Ideally, the deployment package contains only:
- the function code
- the dependency modules used by the function code
We can create such a deployment package using a bundler like webpack.
Bundling with webpack
Webpack enables creating a bundle that contains only the modules necessary to run the function. This section introduces an example Lambda function and walks through the steps to create a minimal deployment package using webpack.
Example function
Here’s a contrived Node.js v12 function that:
- Accepts a dog’s name as input.
- Queries a PostgreSQL database for the IDs of dogs with that name.
- Queries a DynamoDB table to get the dogs’ bark counts: the number of times each dog has barked.

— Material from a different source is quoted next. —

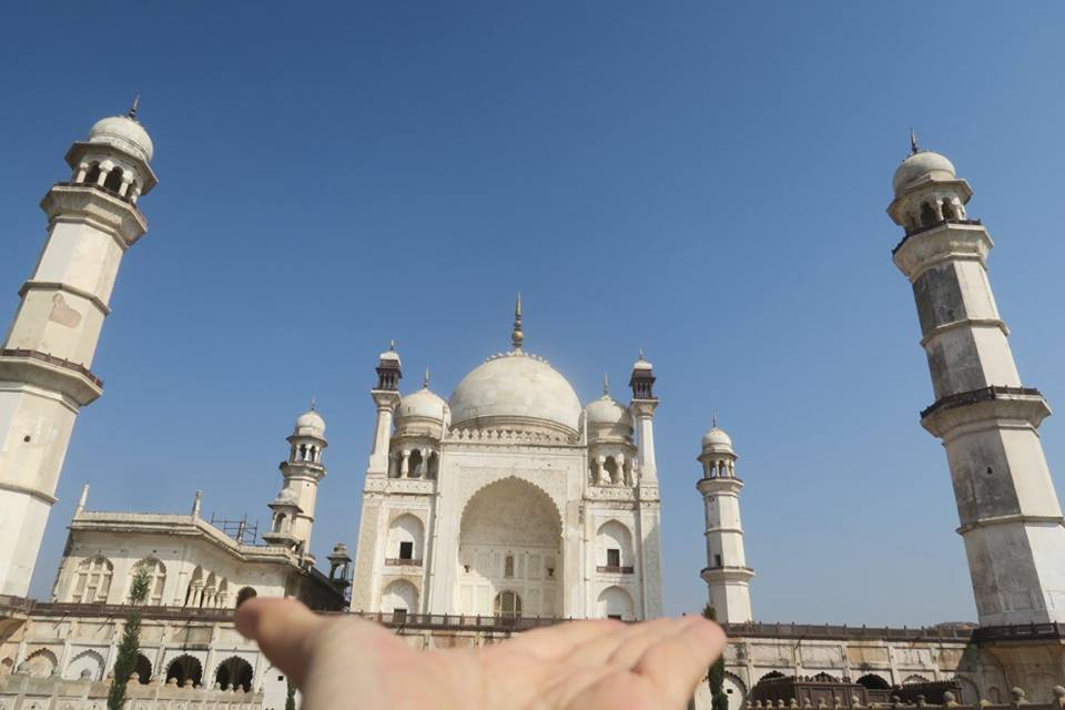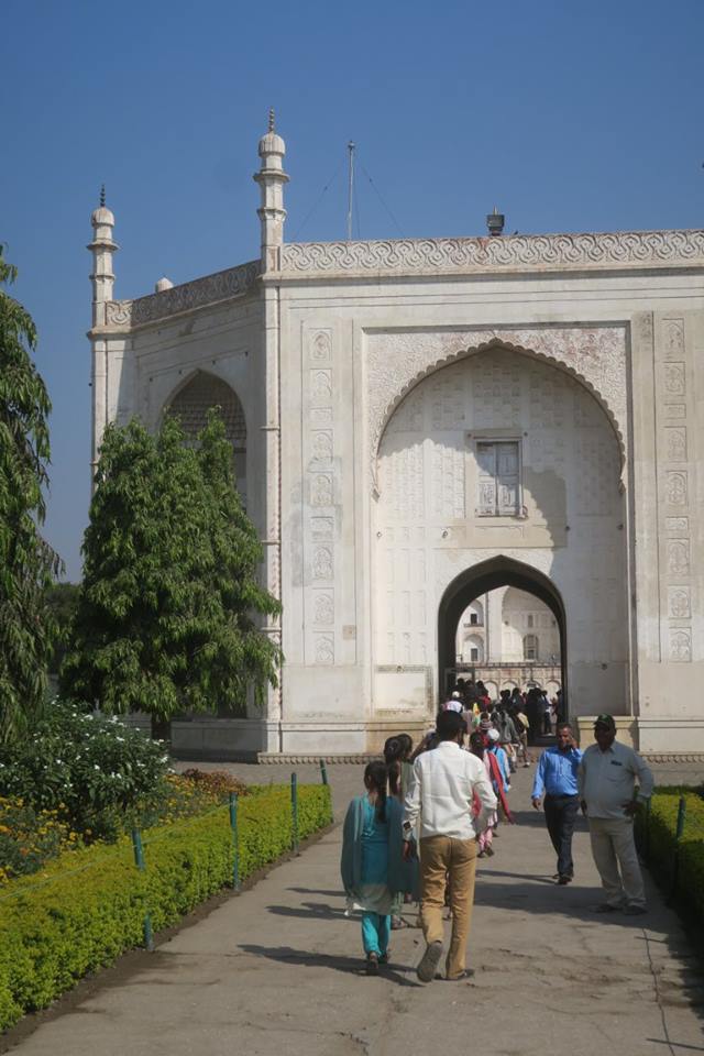 เท่าที่เคยผ่านมาเมืองนี้เมื่อถูกถามว่าไปไหม ทัชมฮาลน้อย ? ผมมักตอบว่าไม่ดีกว่า เพราะไปทัชมาฮาลที่อัครามาแล้ว แถมแถวนี้น่าจะเข้าถ้ำให่มากไว้ก่อนดีกว่า แต่คราวนี้มีเวลา จึงแวะกันเป็นรายการสุดท้าย ผมจำชื่ออย่างเป็นทางการและชื่อเล่นของทัชมาฮาลน้อยนี้ไมไ่ด้ รู้แต่ว่าสร้างโดยหลานชายของชาห์ จาฮาล ผู้สร้างทัชมาฮาลให้พระนางมุมตัส มเหสีที่ล่วงลับ แล้วถูกเอารังเซ็บลูกชาย จับขังตะรางให้ได้นั่งดูจนสุดชีวิต ในขณะที่ลูกชายคนหนึ่งของเอารังเซ็บที่ถูกส่งมาปกครองเอารังคบาด ที่หมายถึงนครแห่งเอารังเซ็บ มีความรักแม่และระลึกถึงปู่ จึงสร้างสุสานนี้เพื่อฝังแม่ซึ่งเป็นเมียคนหนึ่งของเอารังเซ็บ ตามต้นแบบของปู่ที่สร้างให้ย่า
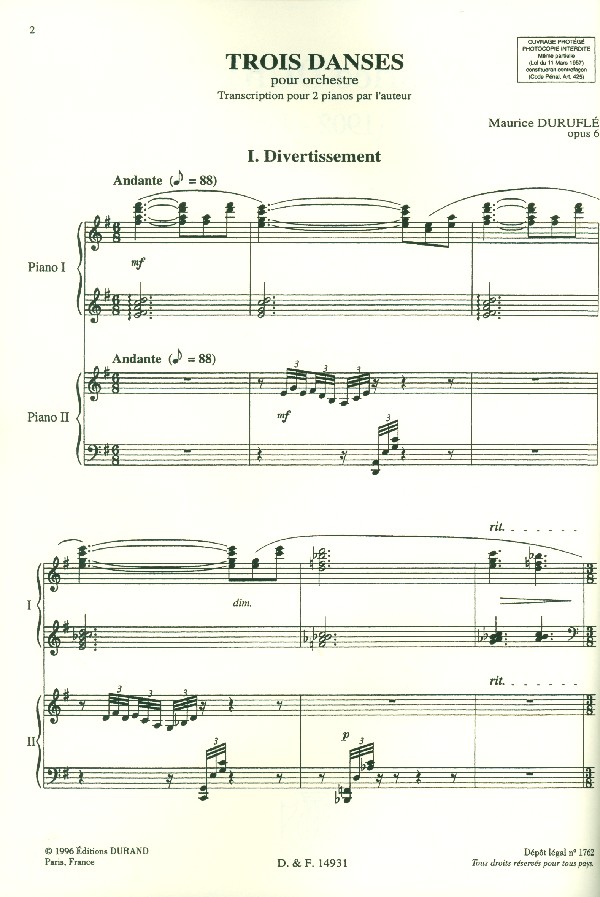 Produktinformationen "3 Danses pour orchestre pour 2 pianos"

The function requires two libraries: node-postgres and aws-sdk.
Note that the PGDATABASE
, PGHOST
, PGUSER
, PGPASSWORD
, and PGPORT
environment variables configure access to the SQL database using
node-postgres. DYNAMODB_TABLE_NAME
and DYNAMODB_TABLE_HASH_KEY
configure
the DynamoDB table information; the ID is the table’s hash key.
index.js:
import { Client } from 'pg';
import DynamoDB from 'aws-sdk/clients/dynamodb';
const DYNAMODB_TABLE_NAME = process.env.DYNAMODB_TABLE_NAME;
const DYNAMODB_TABLE_HASH_KEY = process.env.DYNAMODB_TABLE_HASH_KEY;
/**
* Query the PostgreSQL database for the IDs of dogs with the specified name.
*
* @param {string} name The name.
* @return Array containing the IDs of dogs with the specified name.
*/
const getDogId = async (name) => {
const client = new Client();
await client.connect();
const query = 'SELECT id FROM dogs WHERE name=$1';
const values = [name];
const queryResult = await client.query(query, values);
await client.end();
let ids = [];
if (queryResult.rowCount > 0) {
ids = queryResult.rows.map((row) => row.id);
}
return ids;
};
/**
* Query the DynamoDB table for each dog's bark count.
*
* @param {number[]} ids The dogs' IDs.
* @return The bark count for each ID.
*/
const getBarkCount = async (id) => {
let results;
if (ids.length > 0) {
const config = {
region: 'us-east-1',
};
const documentClient = new DynamoDB.DocumentClient(config);
const keys = ids.map((id) => {
return {
[DYNAMODB_TABLE_HASH_KEY]: id,
};
});
const params = {
RequestItems: {
[DYNAMODB_TABLE_NAME]: {
Keys: keys,
ProjectionExpression: 'barkCount',
},
},
};
const data = await documentClient.batchGet(params).promise();
results = data.Responses[DYNAMODB_TABLE_NAME];
}
return ids.map((id) => {
return {
id,
barkCount: results[id] ? results[id].barkCount : 0,
};
});
};
/**
* Lambda function handler to retrieve how many times dogs have barked.
*
* @param {string} event.name The dog's name.
*/
export const handler = async (event) => {
try {
// Get IDs of dogs with the given name from PostgreSQL database
const dogIds = await getDogId(event.name);
// Get bark counts from DynamoDB table
const barkCounts = await getBarkCounts(dogIds);
return barkCounts;
} catch (err) {
// Insert additional error handling/reporting here
throw err;
}
};
With the naive packaging approach the deployment package for this function contains the complete AWS SDK even though the function uses only the DynamoDB service.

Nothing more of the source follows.